Another one of the changes has to do with grossing up non-taxable income, used to be … The maximum would be, we could gross up non-taxable income to be like social security or disability by 25%. They’ve reduce that now to 15%. We always use what the actual effective tax rate for the borrower is, if they haven’t filed tax returns. One of the other things that is probably going to aggravate a lot of people has to do with gifts and how we documents the gifts. The donor will be say, family member. They’re giving … With FHA, the borrower can use 100% gift from a family member for down payment. We used to just document that with … We have to show it coming from the donor, that would be say the parent of the child. We would use a cancelled check, just a piece of paper, or cancelled or cleared check to document that transfer. Now we actually have to get a full bank statement from the donor, so just a little bit of paperwork there.

One of the good things that’s happened,  the FHA guidelines changes that happened September 4th have to with projected incomes.

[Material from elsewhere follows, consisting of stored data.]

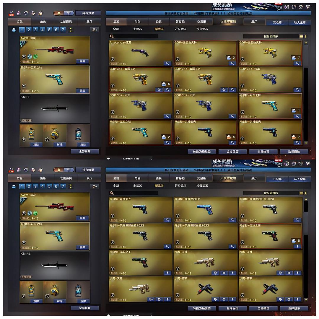 幻神多皮带音效卡:YZK皮肤、KZ皮肤/AG皮肤/欧欧皮肤等//裁决多皮带卡//星神多皮带卡//白虎常旭皮肤带卡等很多卡//11把柯尔特冠军之特EP白鲨等//7把COP英雄//usp//
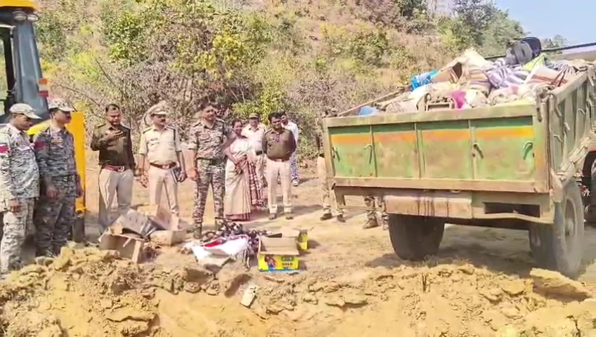 नायब तहसीलदार श्रीमती योगिता भेड़िया, थाना प्रभारी निरीक्षक श्री जितेन्द्र गुप्ता और आबकारी उप निरीक्षक पुरूषोत्तम साकार की उपस्थिति में जेसीबी से गड्ढा खोदकर शराब और बिसरा का नष्टिकरण किया गया।
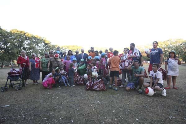 José Castro, presidente del Sevilla, en nombre de la Fundación del club ha hecho una visita y ha relagado a los más pequeños del asentamiento chabolista El Vacie material deportivo con los colores blanquirrojos.
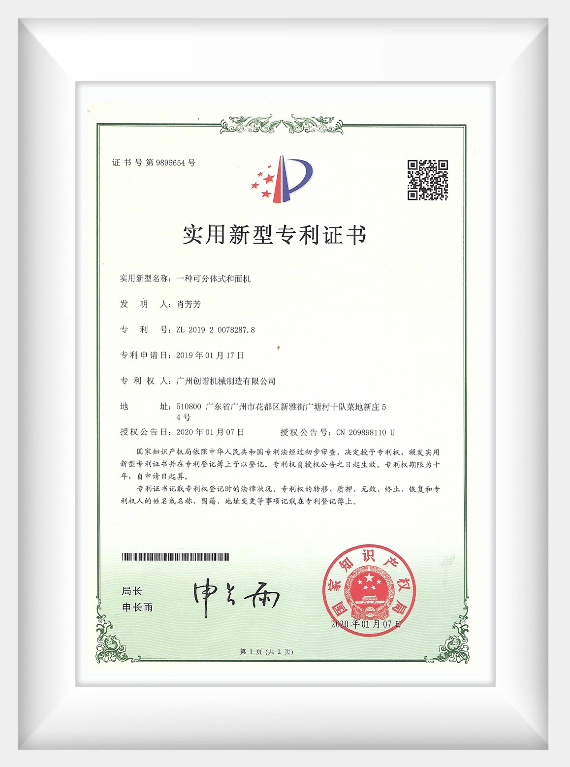 Dough Mixer Machine - Utility Model Patent Certificate

Say someone that is leaving an area going to another area, they have an ironclad offer/contract for a new job, but the job say won’t start for 30 days. We can actually use that income for the new job, as long as they have a contract that we can document, to qualify them for a mortgage. They could actually move here, or be in between the past job and the new job, and not have even started working on the job and have received the pay stub yet, and we can use that as income. We can go out as far as 60 days with that. We could close on a loan as long as the new income is going to start within 60 days.

These are just some of the highlights of the recent FHA guideline changes.